Symposium on Machine Learning in Speech and Language Processing (MLSLP)
September 14, 2012
Portland, Oregon, USA
Speaker: Dirk van Compernolle (KULeuven, Belgium)
Title: Large Vocabulary Template Based Speech Recognition
Abstract:
Acoustic Modeling, the core component of any
speech recognition system, has been dominated by the HMM/GMM modeling
paradigm for the past decades. This approach is very powerful thanks
to the very powerful machine learning algorithms that allow for
learning and optimizing the parameters in the system based on
thousands of hours of speech data. The weakness is that it requires a
crude approximation of reality, in which short term speech frames are
modeled as being independent observations generated by a first order
Markov process. In recent years a variety of examplar based
approaches have been developed as an alternative to the HMM paradigm.
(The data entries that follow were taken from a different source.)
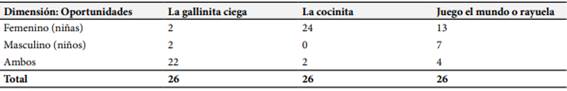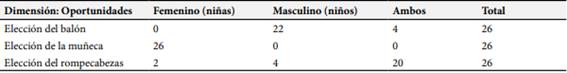 La dimensión oportunidades se centró en el acceso y la elección libre de juguetes, colores, juegos y preferencias profesionales, con el objetivo de explorar las nociones de igualdad de género en los preescolares de cinco años. En el caso específico de los juguetes, se evidenciaron patrones estereotipados marcados por el género asignado a ciertos objetos lúdicos.
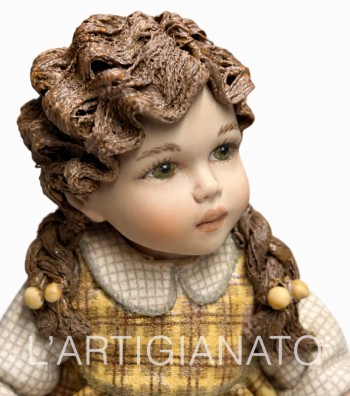 Bambola in porcellana da collezione raffigurante una dolce bambina seduta con orsetto. Realizzata con grande cura nei dettagli, presenta capelli castani intrecciati, lentiggini delicate e abito...
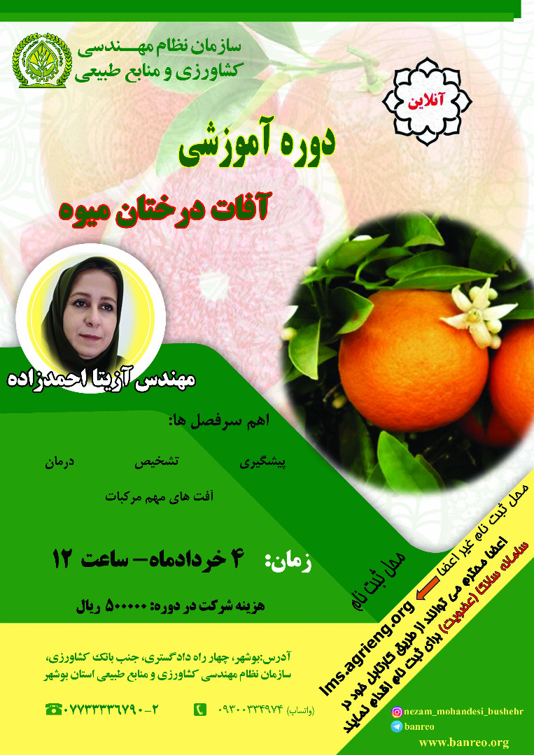 به گزارش روابط عمومی سنم استان دوره آموزشی آفات درختان میوه توسط سازمان نظام مهندسی کشاورزی و منابع طبیعی استان بوشهر برگزار می گردد.
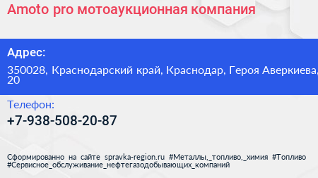 Amoto.pro, мотоаукционная компания по адресу 350028, Краснодарский край, Краснодар, Героя Аверкиева, 20 в дальнейшем Организация, размещена в следующих категориях:
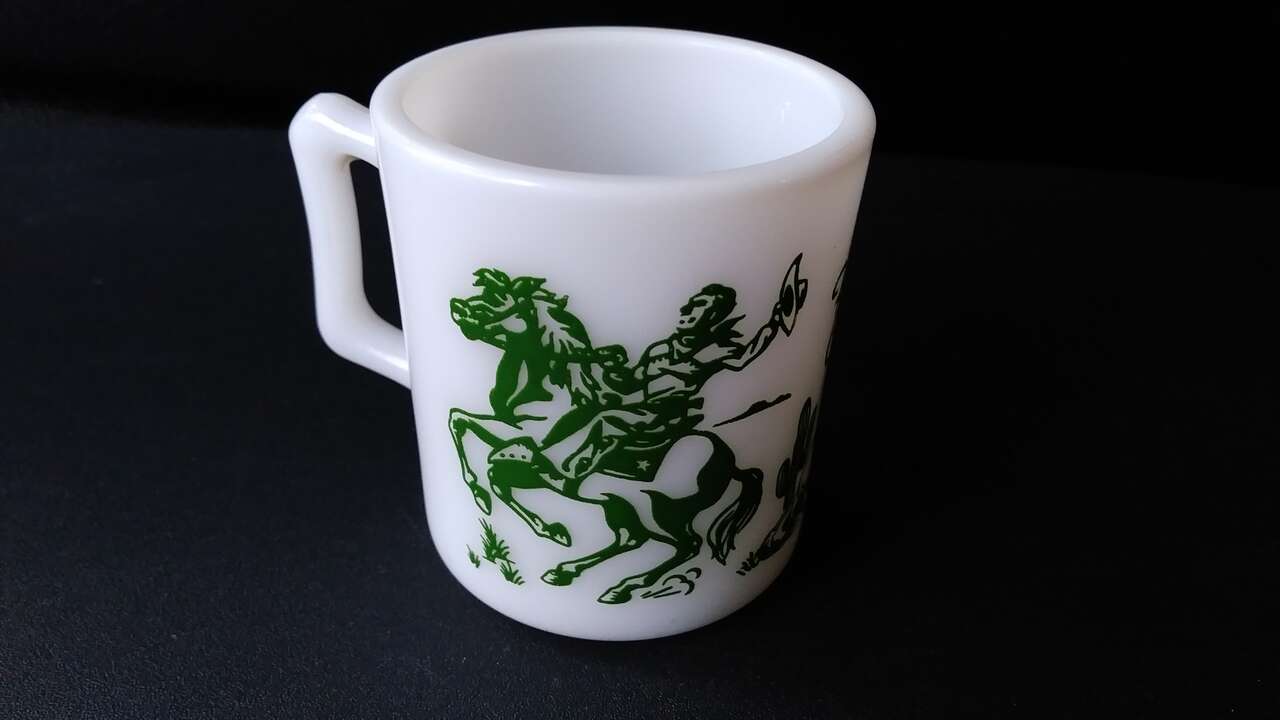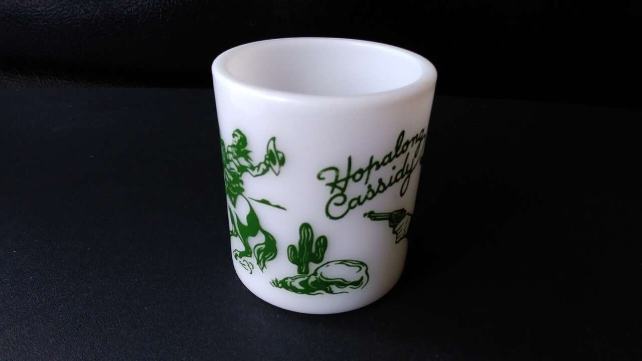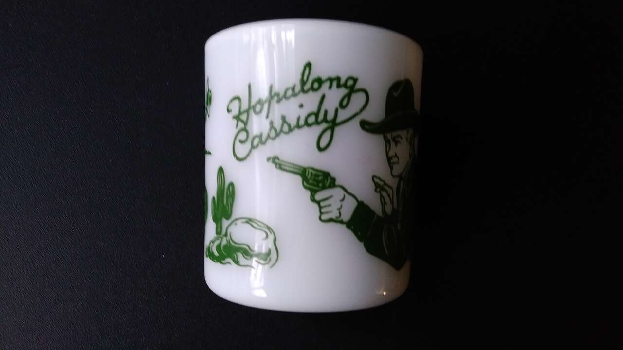 VenmoThis is a great old Western mug Hopalong Cassidy heavy milk glass mug with wielding guns, from about 1950's' I was told its made by Hazel Atlas. “Hopalong Cassidy” in rope style letters and a cowboy on horse. The green decorating is all around the mug. Please see all photos.
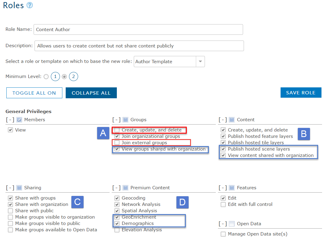 To set up a custom role for a Content Author, use the Author template as a starting point. As this user is responsible for content creation within the organization, they will not have the privilege to create groups nor join groups from other organizations but can view groups shared with the organization (A). The Content Author will be able to create all types of content (B). Under the sharing privileges this user can share with the organization and groups but will not have the capability to share content publicly (C). The Content Author will also need access to GeoEnrichment, and Demographic Services in order to create content using Esri data and include demographic map services in their maps. These privileges are enabled in addition to the default premium content for the author template (D).
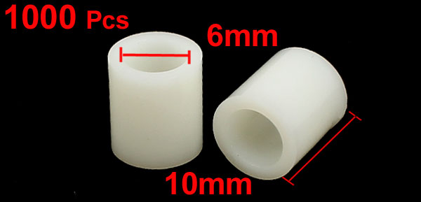 6mm Inner Diameter 10mm Length Ivory Plastic Spacers Washers Standoffs 1000 Pcs
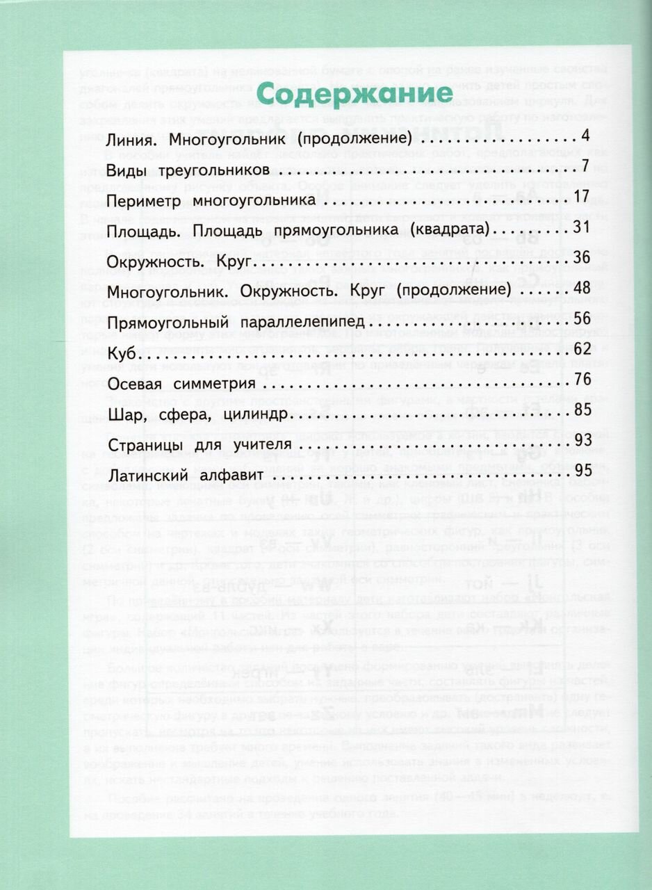 Содержание пособия представляет собой дополнительный материал по геометрическому разделу начального курса математики. В него включены группы заданий, направленные на развитие у детей пространственного воображения и мышления, овладение практическими и графическими способами моделирования, формирование умения применять геометрические знания о форме, размере и взаимном расположении предметов для решения задач прикладного содержания.

The main promise of any examplar based approach is that it can form a
new local reference model on demand that is more relevant for the test
sample than a global HMM ever can be and can tell us more about the
test sample and hence should result in better recognition.
The system we have developed at KULeuven-ESAT is at its basis very
similar to the small vocabulary Dynamic Time Warping systems used in
the early days of isolated word recognition. We will focus on those
novel components that were essential to make DTW work for a large
vocabulary continuous speech recognition task. Unit (class)
definition and local distance metric (especially within class, thus
very local) needed a critical review. Data sharpening - a technique
commonly used in non-parametric classifiers to deal with outliers and
mislabeled data - proved to be an essential complement for any local
distance metric. We will review both single best and k-NN decoding
strategies that each hold different options to deal with long span
continuity constraints in the decoded match. We will then dig deeper
into how we can query the most similar examplars for properties beyond
classical spectral envelope features. These meta-features may have
been derived from the signal observed over a much wider time window,
any available annotation or both: e.g. gender, speaking style,
phonetic context, speaking rate, background ... Given the variable
nature of such meta-features merging them into a global score is
accomplished SCRFs (Segmental Conditional Random Fields).
Doing time warping at the template level makes our system
computationally intensive. We will highlight some issues and adopted
solutions. Finally we will make a comparison of our approach with
some of the other examplar based systems.